Massa yang berdemo turun ke jalan dengan menggunakan helm, kacamata pelindung, dan payung. Mereka mendirikan barikade di beberapa lokasi berbeda. Massa yang umumnya berpakaian hitam ini, meneriakkan “Hong Kong bebas” seperti dikutip BBC.

Sebelumnya, para pengunjuk rasa bentrok dengan polisi Hong Kong. Ribuan aktivis prodemokrasi mendapat serangan gas air mata, peluru karet, dan granat spons saat mereka berunjuk rasa memprotes serangan oleh pihak yang diduga sebagai preman di sebuah stasiun kereta di Yuen Long, akhir pekan lalu. 

Diketahui pada Minggu (20/7), sekitar 100 pria berseragam kemeja putih yang diduga preman yang disewa aparat menyerbu stasiun kereta Yuen Long. Itu terjadi beberapa jam setelah pengunjuk rasa berbaris melalui pusat kota Hong Kong dan merusak Kantor Penghubung China, yang merupakan simbol utama otoritas Beijing di wilayah bekas jajahan Inggris itu. 

Ratusan pria itu menyerang para pemrotes yang berpakaian hitam yang kembali dari Hong Kong, orang yang melintas, wartawan, dan anggota parlemen dengan pipa dan pentungan. Hal itu mengakibatkan 45 orang terluka.

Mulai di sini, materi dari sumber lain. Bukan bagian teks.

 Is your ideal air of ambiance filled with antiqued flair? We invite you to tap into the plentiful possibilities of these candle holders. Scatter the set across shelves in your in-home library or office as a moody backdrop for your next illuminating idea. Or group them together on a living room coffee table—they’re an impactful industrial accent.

Selama delapan pekan, unjuk rasa terus menerus melanda Hong Kong. Berawal dari RUU Ekstradisi yang dilontarkan oleh Kepala Eksekutif Hong Kong Carrie Lam, yang dianggap mengabaikan suara masyarakat Hong Kong dan menolak menunda pembahasan RUU Ekstradisi.

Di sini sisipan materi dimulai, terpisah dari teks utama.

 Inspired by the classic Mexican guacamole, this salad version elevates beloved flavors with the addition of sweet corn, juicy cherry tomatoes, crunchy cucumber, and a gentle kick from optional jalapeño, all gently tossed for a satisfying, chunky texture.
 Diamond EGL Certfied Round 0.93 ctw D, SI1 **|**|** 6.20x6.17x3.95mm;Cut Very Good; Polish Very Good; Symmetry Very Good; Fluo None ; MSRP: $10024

“Tindakan kerusuhan yang merusak kedamaian dalam masyarakat serta abai hukum dan tidak disiplin tidak dapat diterima oleh masyarakat beradab,” ujar Lam dalam sebuah pernyataan video.

Analis politik Dixon Sing mengatakan, kekerasan dalam aksi menolak RUU Ekstradisi ini adalah eskalasi konflik paling serius yang terjadi di Hong Kong.

“Dalam hal tingkat kekerasan, kali ini adalah yang paling serius sejak penyerahan (Hong Kong ke China) tahun 1997,” ujar Sing.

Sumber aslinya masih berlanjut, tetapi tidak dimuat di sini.